When things are that dicey, your performance in battle becomes very important. If you win a battle but let your delicate casters get mauled by the enemy’s cheap melee units, you might have lost a crippling amount of firepower. Those losses are especially difficult to replace because your production buildings only spawn new units at the start of every week. So if you lose 10 casters and you only produce three every week, you’re not going to be at full-strength again for quite some time.

There’s never so much complexity in HoMM3 that the game gets bogged down in math or micromanagement, but it is a game that forces you to think hard about every single decision you make, because the ramifications are so multifaceted. Oftentimes I feel like I’m torn between the axiom of “teach a man to fish” and the immediate problem of immediate, ravenous hunger for more soldiers.

If there’s a problem with HoMM3 it’s that the mission design is sometimes a little too much about putting my goals in conflict with one another.
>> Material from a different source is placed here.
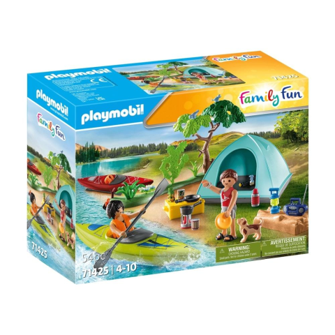 Egy nyári nap a kempingben - a család kényelembe helyezi magát a nagy sátor előtt, együtt esznek és együtt élvezik a nyaralást.A kempingezés az egész család számára szórakoztató. Kenuzás, túrázás és a természet élvezete napközben, este pedig a tábortűz kö

As the game progresses, it sometimes feels more like I’m being asked to surmount a bunch of speedbumps at the start of a mission before the real right begins. And if I don’t handle those speedbumps just right, I end up losing the mission because the AI is hopelessly ahead.

A view of the strategy map in Heroes of Might and Magic 3 HD, with small armies on  colorful map.

Modern fantasy warfare

The tricky part about reviewing this HD version of HoMM3 is that there’s a perfectly good version of the game, complete with all the expansions, over on GOG. With the addition of an HD mod, you can get a pretty high-quality HoMM3 experience with even more campaigns and options, for less money.

But I have been pretty impressed by the quality of this release, which seems to make me an outlier. I did have one major issue where all my save files got corrupted, which cost me a lot of campaign progress, but I was never able to replicate the error. I simply haven’t encountered any of the other issues users are complaining about, which is always a difficult position. The HoMM3 HD I’ve read about online is a messy, botched remake. The one I played is actually terrific. Even multiplayer with Fraser, using Steam matchmaking, went swimmingly.

Heroes of Might and Magic 3 HD is a good example of bringing an old classic into the modern world. The art looks perfect, capturing both the chunkiness of the original game’s sprites but also their storybook beauty.

I’m pretty happy with this version of Heroes of Might and Magic 3, but it is a bit harder to recommend when the Complete edition is on GOG with even more missions and a map generator.I can cheerfully recommend it to people who may never have encountered the game before. But if you’re a Heroes of Might and Magic fan, who never needed high-definition anything to enjoy these games, then the chances are that GOG already had you covered, and there’s not much for you here.